The required result is a line count: how many lines in this data hold the word "with". Give only that.

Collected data
>>

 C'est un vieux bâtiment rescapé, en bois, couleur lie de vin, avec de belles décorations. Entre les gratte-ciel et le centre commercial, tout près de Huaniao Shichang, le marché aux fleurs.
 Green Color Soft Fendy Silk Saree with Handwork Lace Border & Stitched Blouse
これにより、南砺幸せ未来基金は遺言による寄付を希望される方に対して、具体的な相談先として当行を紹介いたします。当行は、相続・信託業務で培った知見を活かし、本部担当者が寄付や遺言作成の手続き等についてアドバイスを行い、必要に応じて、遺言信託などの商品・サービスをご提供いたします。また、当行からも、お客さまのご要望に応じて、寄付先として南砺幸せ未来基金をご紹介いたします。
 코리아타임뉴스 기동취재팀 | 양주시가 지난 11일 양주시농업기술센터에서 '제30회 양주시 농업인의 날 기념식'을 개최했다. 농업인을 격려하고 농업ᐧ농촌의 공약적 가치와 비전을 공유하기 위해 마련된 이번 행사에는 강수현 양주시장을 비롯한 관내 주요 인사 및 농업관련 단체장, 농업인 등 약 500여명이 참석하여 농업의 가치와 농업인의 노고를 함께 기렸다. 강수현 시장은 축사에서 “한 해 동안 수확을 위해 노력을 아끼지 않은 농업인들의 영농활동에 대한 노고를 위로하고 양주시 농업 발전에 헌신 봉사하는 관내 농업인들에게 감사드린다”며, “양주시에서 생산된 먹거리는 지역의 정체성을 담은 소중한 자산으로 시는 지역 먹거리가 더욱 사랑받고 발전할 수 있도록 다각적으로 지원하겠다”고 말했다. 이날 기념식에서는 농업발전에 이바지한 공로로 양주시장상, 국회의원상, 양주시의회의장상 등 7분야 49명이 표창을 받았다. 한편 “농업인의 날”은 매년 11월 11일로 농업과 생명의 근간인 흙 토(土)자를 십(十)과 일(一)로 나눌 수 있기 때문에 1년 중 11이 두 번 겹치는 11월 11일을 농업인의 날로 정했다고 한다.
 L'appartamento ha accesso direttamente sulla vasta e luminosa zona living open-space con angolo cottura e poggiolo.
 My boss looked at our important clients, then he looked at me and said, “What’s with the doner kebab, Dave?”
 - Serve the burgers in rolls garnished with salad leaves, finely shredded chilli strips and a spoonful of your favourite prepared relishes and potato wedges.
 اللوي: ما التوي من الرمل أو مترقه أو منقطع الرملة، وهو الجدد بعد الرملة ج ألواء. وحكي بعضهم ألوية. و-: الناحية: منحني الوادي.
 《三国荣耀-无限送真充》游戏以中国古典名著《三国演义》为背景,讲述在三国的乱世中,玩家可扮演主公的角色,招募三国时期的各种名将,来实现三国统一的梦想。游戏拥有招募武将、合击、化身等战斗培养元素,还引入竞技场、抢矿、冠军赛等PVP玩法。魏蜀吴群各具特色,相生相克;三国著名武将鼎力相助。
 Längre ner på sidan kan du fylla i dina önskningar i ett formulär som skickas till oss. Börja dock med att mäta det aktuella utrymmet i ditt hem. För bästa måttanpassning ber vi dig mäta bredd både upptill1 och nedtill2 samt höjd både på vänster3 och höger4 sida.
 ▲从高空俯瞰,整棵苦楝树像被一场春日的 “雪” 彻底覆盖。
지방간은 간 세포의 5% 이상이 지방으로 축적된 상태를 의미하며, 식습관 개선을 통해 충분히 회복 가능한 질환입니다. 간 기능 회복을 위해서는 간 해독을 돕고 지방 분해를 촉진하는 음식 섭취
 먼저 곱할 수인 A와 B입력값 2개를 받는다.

<<

SOLUTION FOR THIS EXERCISE:
3